Below are entries. Give back exactly the lines from the one containing "美国加利福尼亚州现代建筑材料" through the one containing "Glossy black Voido", inclusive, without the pictures.

■ **DATA SUPPLIED**
☆ ☆ ☆ ☆
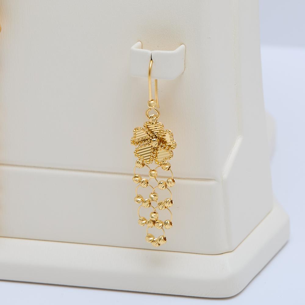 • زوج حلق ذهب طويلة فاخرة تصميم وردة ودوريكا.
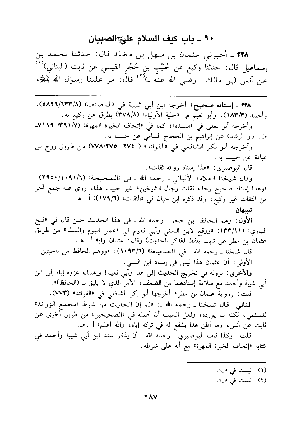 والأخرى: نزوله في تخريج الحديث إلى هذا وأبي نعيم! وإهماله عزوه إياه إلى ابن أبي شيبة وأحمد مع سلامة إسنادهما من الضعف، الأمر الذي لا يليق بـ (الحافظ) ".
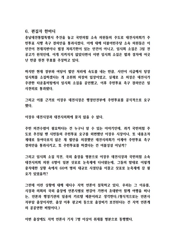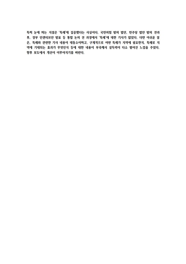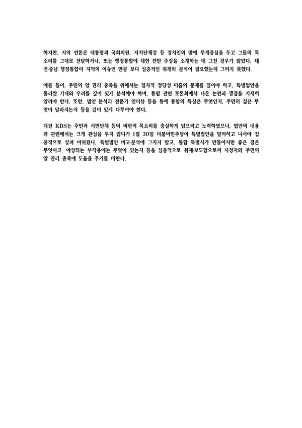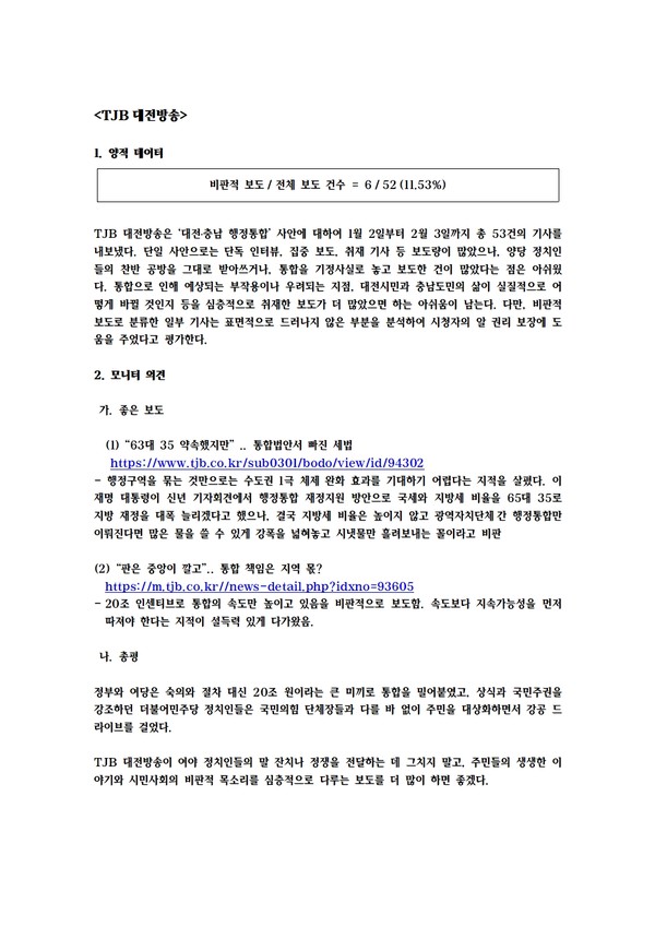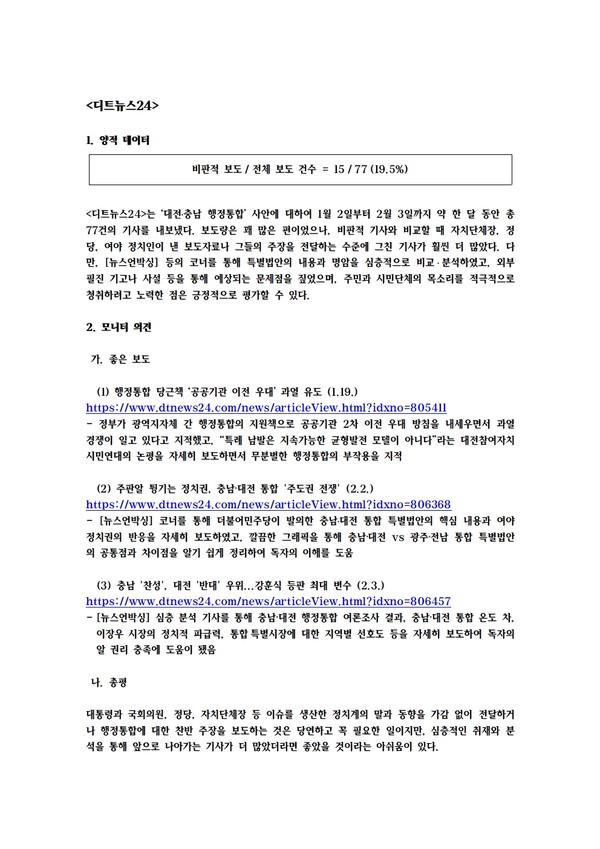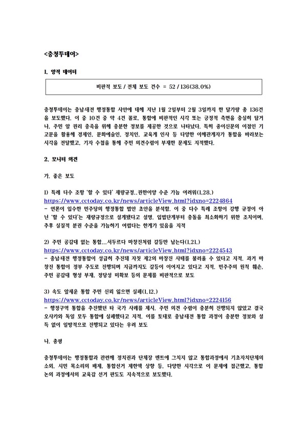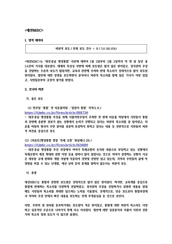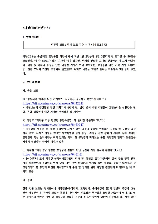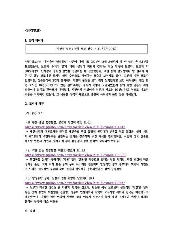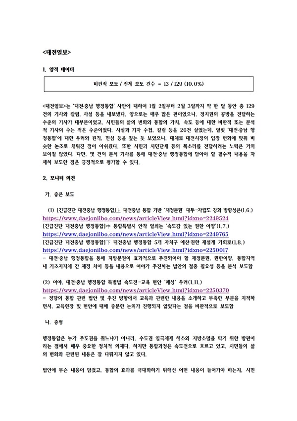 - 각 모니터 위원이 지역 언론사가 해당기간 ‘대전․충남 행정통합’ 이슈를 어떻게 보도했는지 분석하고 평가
☆ ☆ ☆ ☆
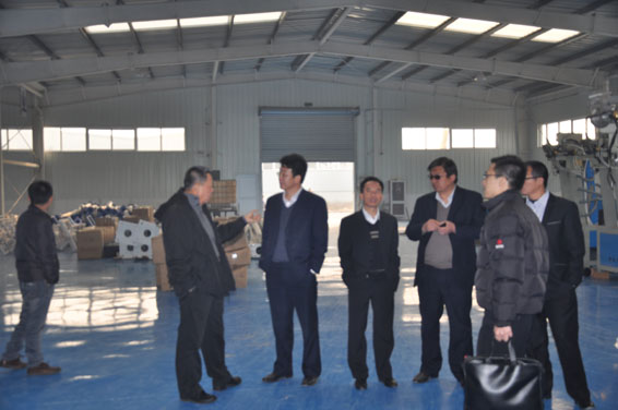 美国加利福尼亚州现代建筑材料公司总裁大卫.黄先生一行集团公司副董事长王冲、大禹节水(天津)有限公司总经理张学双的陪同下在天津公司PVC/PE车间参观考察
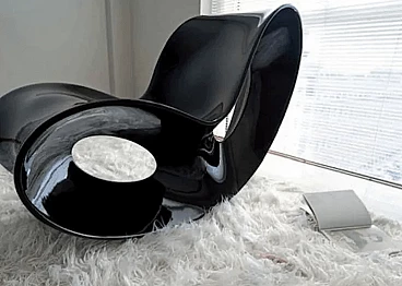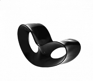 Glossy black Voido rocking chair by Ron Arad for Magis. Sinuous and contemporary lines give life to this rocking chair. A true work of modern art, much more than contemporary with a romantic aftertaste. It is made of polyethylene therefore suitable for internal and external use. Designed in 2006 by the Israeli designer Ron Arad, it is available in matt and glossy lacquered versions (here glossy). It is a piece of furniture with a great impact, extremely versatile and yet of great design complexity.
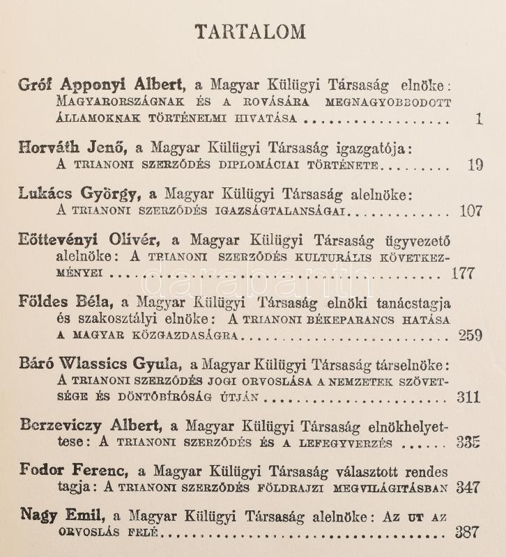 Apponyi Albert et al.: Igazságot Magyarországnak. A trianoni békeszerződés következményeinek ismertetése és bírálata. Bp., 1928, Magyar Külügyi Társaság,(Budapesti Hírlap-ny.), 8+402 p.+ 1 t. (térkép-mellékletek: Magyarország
☆ ☆ ☆ ☆
■ **TASK RESPONSE**
 美国加利福尼亚州现代建筑材料公司总裁大卫.黄先生一行集团公司副董事长王冲、大禹节水(天津)有限公司总经理张学双的陪同下在天津公司PVC/PE车间参观考察
 Glossy black Voido rocking chair by Ron Arad for Magis. Sinuous and contemporary lines give life to this rocking chair. A true work of modern art, much more than contemporary with a romantic aftertaste. It is made of polyethylene therefore suitable for internal and external use. Designed in 2006 by the Israeli designer Ron Arad, it is available in matt and glossy lacquered versions (here glossy). It is a piece of furniture with a great impact, extremely versatile and yet of great design complexity.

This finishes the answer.